Dataset branch copy to another branch

tcr · April 29, 2025, 2:56pm

Hi,

Is it possible to copy data from one branch of a dataset to another branch of the same dataset?if not rename branch?(of dataset)

I have a large data and don’t want to re-run the whole transforms to generate data.

Thanks

yix · April 29, 2025, 3:21pm

Why do you need to copy it? You can use fallback branches such that you’re pointing a downstream transformation to an input that’s on a branch.

Fallbranch docs

tcr · April 29, 2025, 7:48pm

Thank you. That could be an option as well, but would like to have the data in master branch of the dataset without building it. What happens when the retention policy kicks in? and the branch that generated the dataset was archived

yix · April 29, 2025, 7:56pm

It’s not possible to copy the data from one branch to another, you would need to rebuild the new code on the master branch.

My guess is that with fallback branches, it will just fallback to the master branch eventually if it doesn’t exist on a branch.

sandpiper · April 29, 2025, 9:24pm

There is a private API that you can use to change a branch to “point” at another transaction, which can be a transaction on a different branch. Because it’s a private API, it’s unfortunately a “use at your own risk” type of situation, but for your reference, the details are as follows:

URL: https://your-foundry-domain/foundry-catalog/api/catalog/datasets/{datasetRid}/branchesUpdate2/{branchId}
Method: POST
Body: The transaction RID that your want to point the branch at, as a JSON string

(In your case, since you want to change master to point at a transaction on another branch, you would specify “master” for the branch ID in the URL)
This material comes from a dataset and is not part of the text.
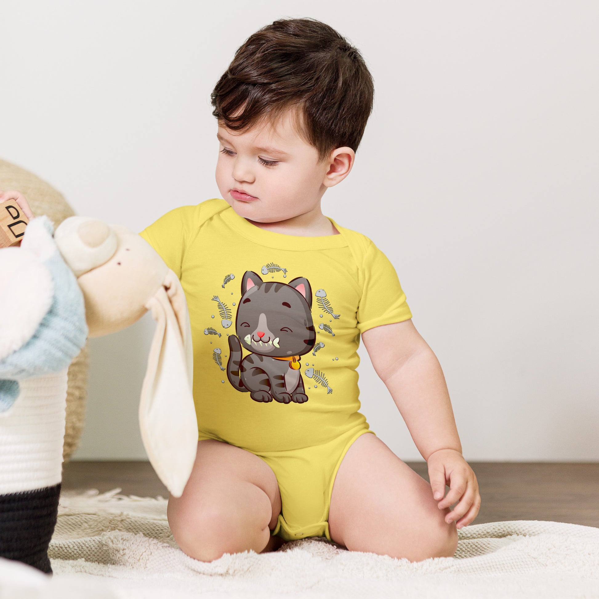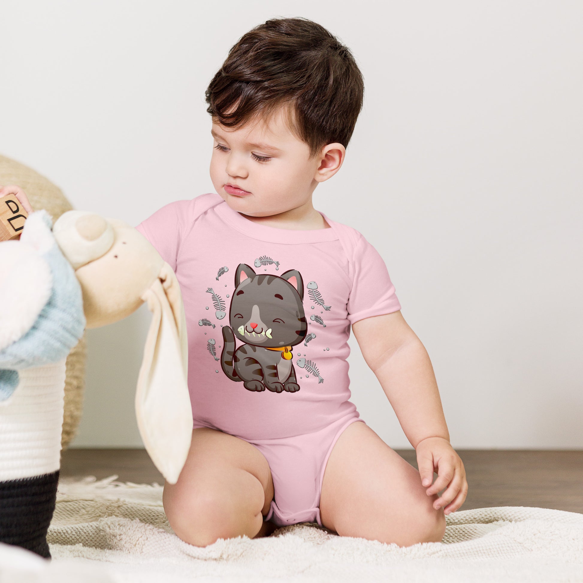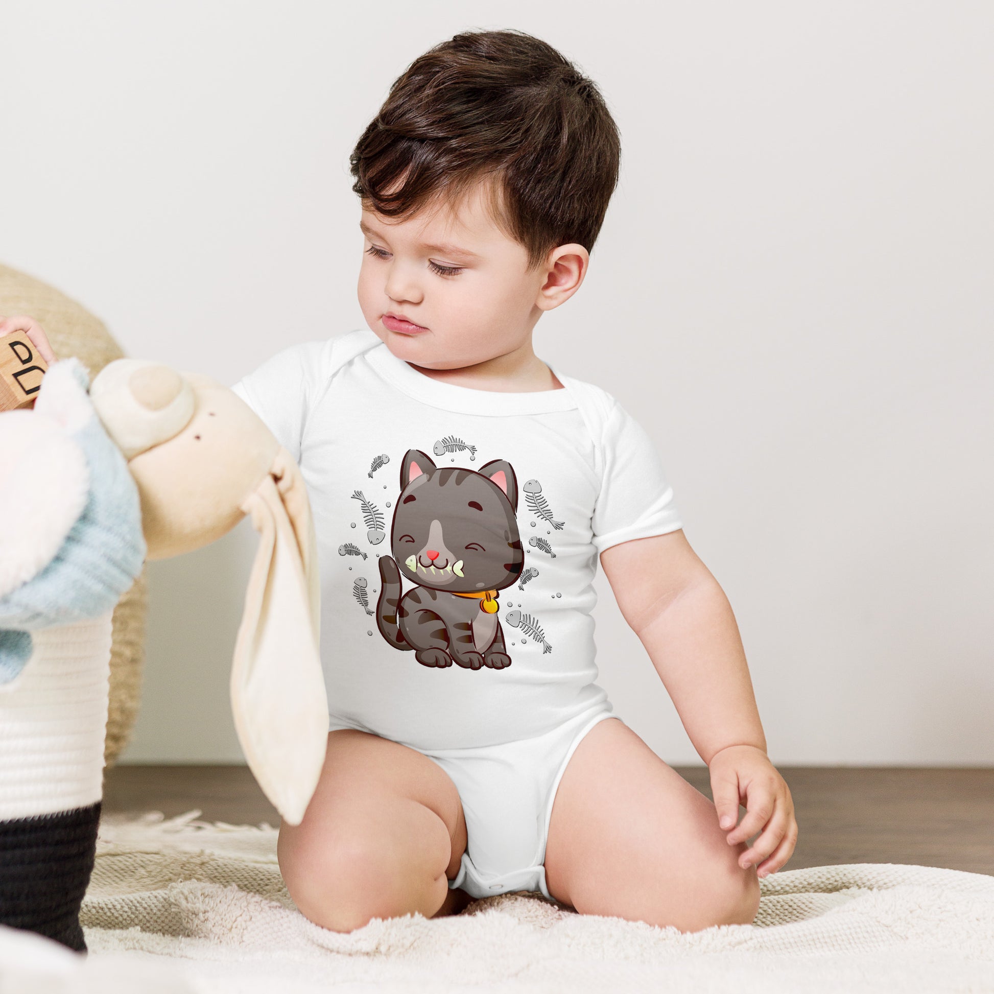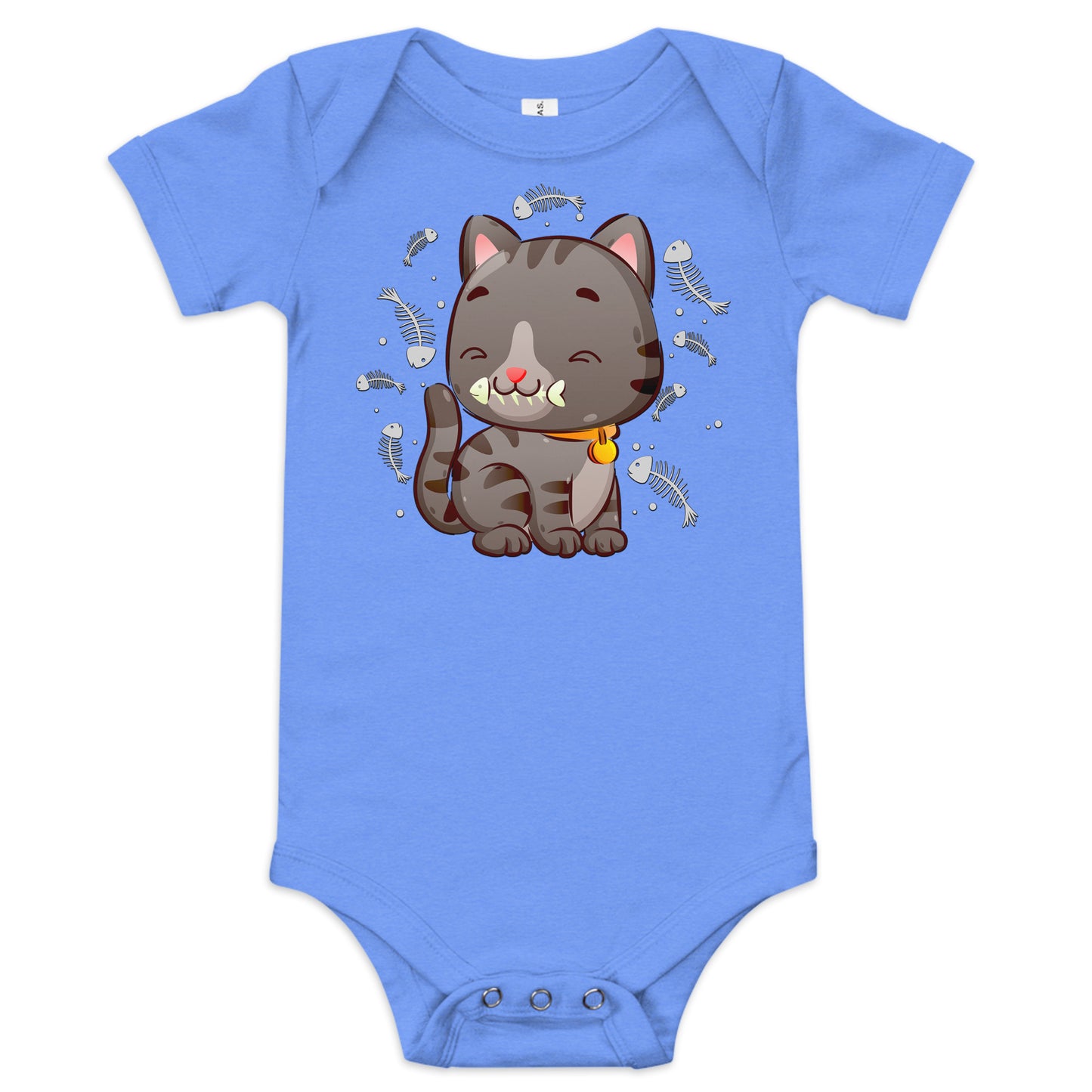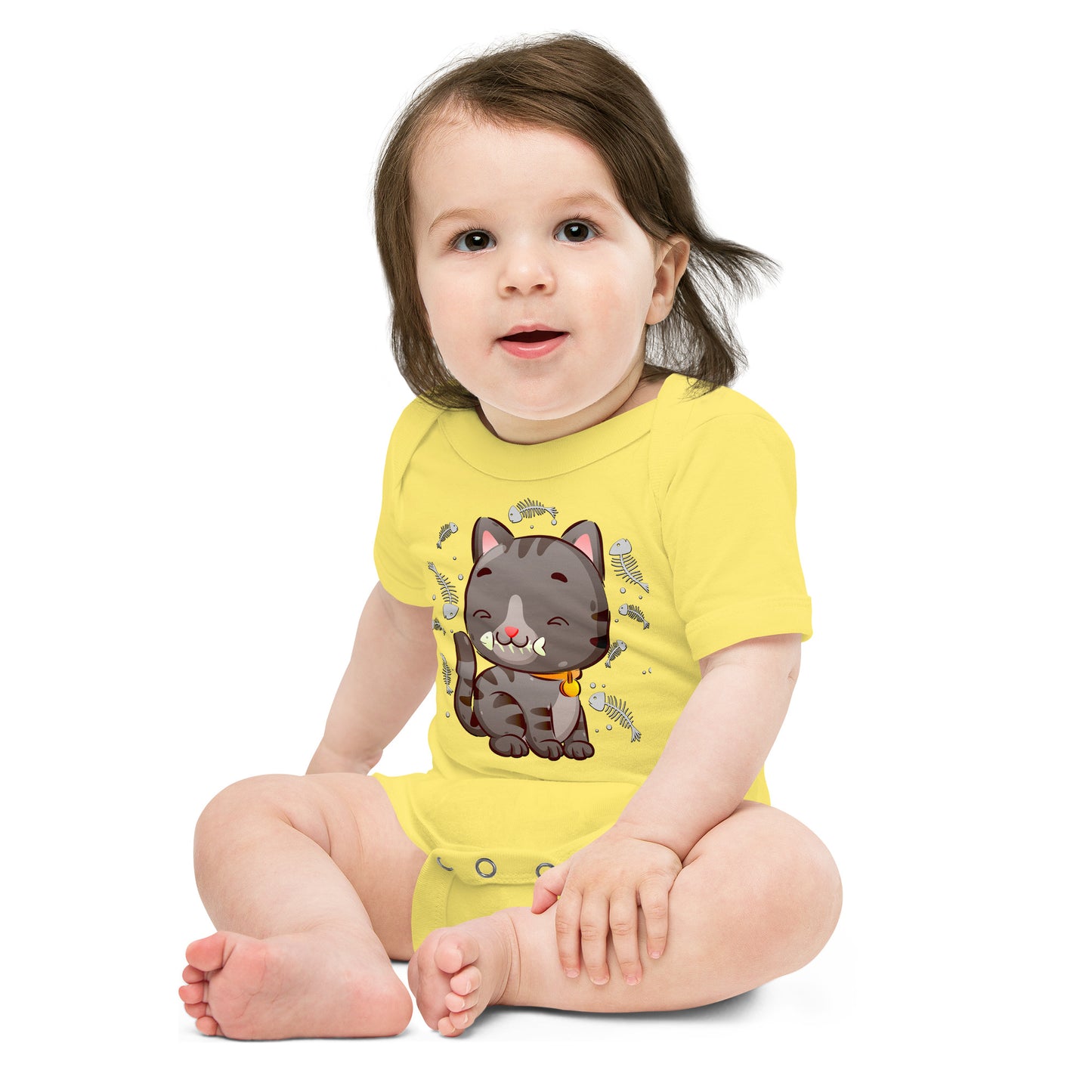 Cute Baby Cat Eating Fish Bone Bodysuit, No. 0138

I recommend verifying that this works as you expect with a smaller version of the same dataset that is consumed in the same way downstream. Off the top of my head, known issues include the fact that updating a branch in this way does not trigger Ontology syncs (if the dataset backs an object type) and can result in the branch not having the correct hive-style partitioning metadata.

The typical use-case for this API is when you want to test changes in incremental logic on a branch, but the upstream data hasn’t updated recently, so you update your dataset’s development branch to point to an earlier transaction on the master branch and then run a build.